The intended use is this: you have hourly casflows from some operation. The distribution of cashflows for one hour is the r.v. A. For the next hour, it's r.v. B, etc. And your question is: what is the largest loss in 99 percent of cases? So you model the cashflows for each of those 24 hours and add these cashflows as random variables so as to get a distribution of the total casfhlow over the whole day. Then you take the 0.01 quantile.
Try to reduce the number of passes required to make the whole addition, possibly reducing it to a single pass for every list, including the final one.
I don't think you can cut down on the total number of additions.
In addition, you should look into parallel algorithms and multithreading, if applicable.
At this point, most processors are able to perform additions in parallel, given proper instrucions (SSE), which will make the additions many times faster(still not a cure for the complexity problem).
As you said in your question, you're going to need an awful lot of computation to get the exact answer. So it's not going to happen.
However, as you're dealing with random values, it would be possible to apply some mathmatics to the problem. Wouldn't the result of all these additions result in something that approaches the normal distribution? For example, consider rolling a single dice. Each number has equal probability so the realisations don't follow a normal distribution (actually, they probably do, there was a program on BBC4 last week about it and it showed that lottery balls had a normal distribution to their appearance).
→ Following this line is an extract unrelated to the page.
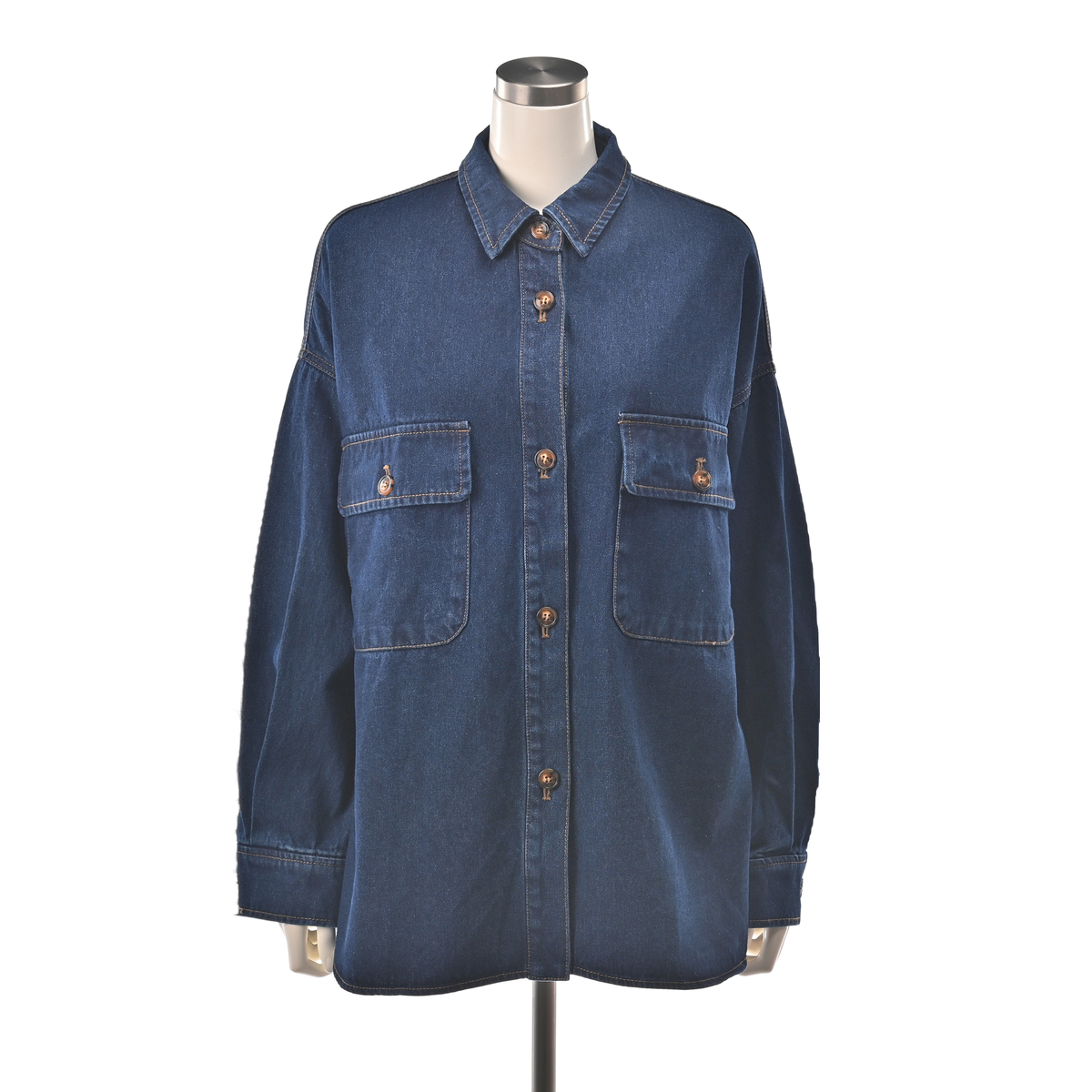 161センチ50キロでライトインディゴМサイズ購入しました。 とてもしっかりした生地で(人によっては重く感じるかも)、色は綺麗なデニムブルーです。 横に深く入ったラウンドスリットがスタイル良く、茶系ボタンがシャツよりも上着感が出て高見えすると思います。 ステッチが少なくてシンプルなデザインも気に入りました。 厚手のニットやスエットの上に羽織ったり、寒くなればその上からさらに上着を着てもサマになると思います。 色々オーバーデニムシャツを探しましたが私の理想通りで大満足です。

However, if you roll two dice and sum them, then the realisations do follow a normal distribution. So I think the result of your computation is going to approximate a normal distribution so it becomes a problem of finding the average value and the sigma value for a given set of inputs. You can workout the upper and lower bounds for each input as well as their averages and I'm sure a bit of Googling will provide methods for applying functions to normal distributions.
I guess there is a corollary question and that is what the results are used for? Knowing how the results are used will inform the decision on how the results are created.
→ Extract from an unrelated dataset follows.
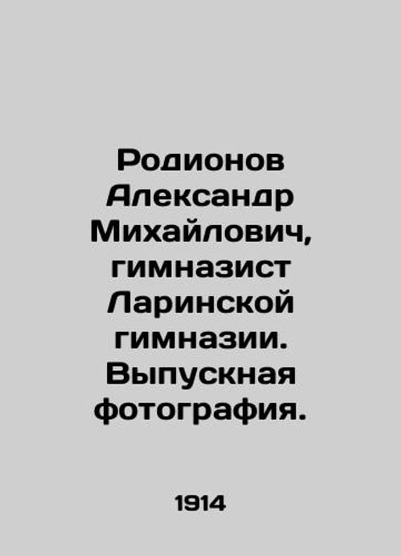 Aleksandr Rodionov, gymnasium student at Larinskaya gymnasium. Graduation photo. In Russian /Rodionov Aleksandr Mikhaylovich, gimnazist Larinskoy gimnazii. Vypusknaya fotografiya. With a gymnasium sign. St. Petersburg 1914. 5.6x8.8 sm. We have thousands of titles and often several copies of each title may be available. Please feel free to contact us for a detailed description of the copies available. SKUalbf3b12eb50baefb06.

Ignoring the programmatic solutions, you can cut down the total number of additions quite significantly as your data set grows.
If we define four groups W, X, Y and Z, each with three elements, by your own maths this leads to a large number of operations:
W + X => 9 operations
(W + X) + Y => 27 operations
(W + X + Y) + Z => 81 operations
TOTAL: 117 operations
However, if we assume a strictly-ordered definition of your "add" operation so that two sets {a,b} and {c,d} always result in {a+c,a+d,b+c,b+d} then your operation is associative. That means that you can do this:
W + X => 9 operations
Y + Z => 9 operations
(W + X) + (Y + Z) => 81 operations
TOTAL: 99 operations
This is a saving of 18 operations, for a simple case. If you extend the above to 6 groups of 3 members, the total number of operations can be dropped from 1089 to 837 - almost 20% saving. This improvement is more pronounced the more data you have (more sets or more elements will give more savings).
Further, this opens the problem to better parallelisation: if you have 200 groups to process, you can start by combining the 100 pairs in parallel, then the 50 pairs or results, then 25, etc. This will allow a large degree of parallelism that should give you much better performance. (For example, 720 sets would be added in ~10 parallel operations as each parallel add will allow increasing COUNT by a factor of 2.)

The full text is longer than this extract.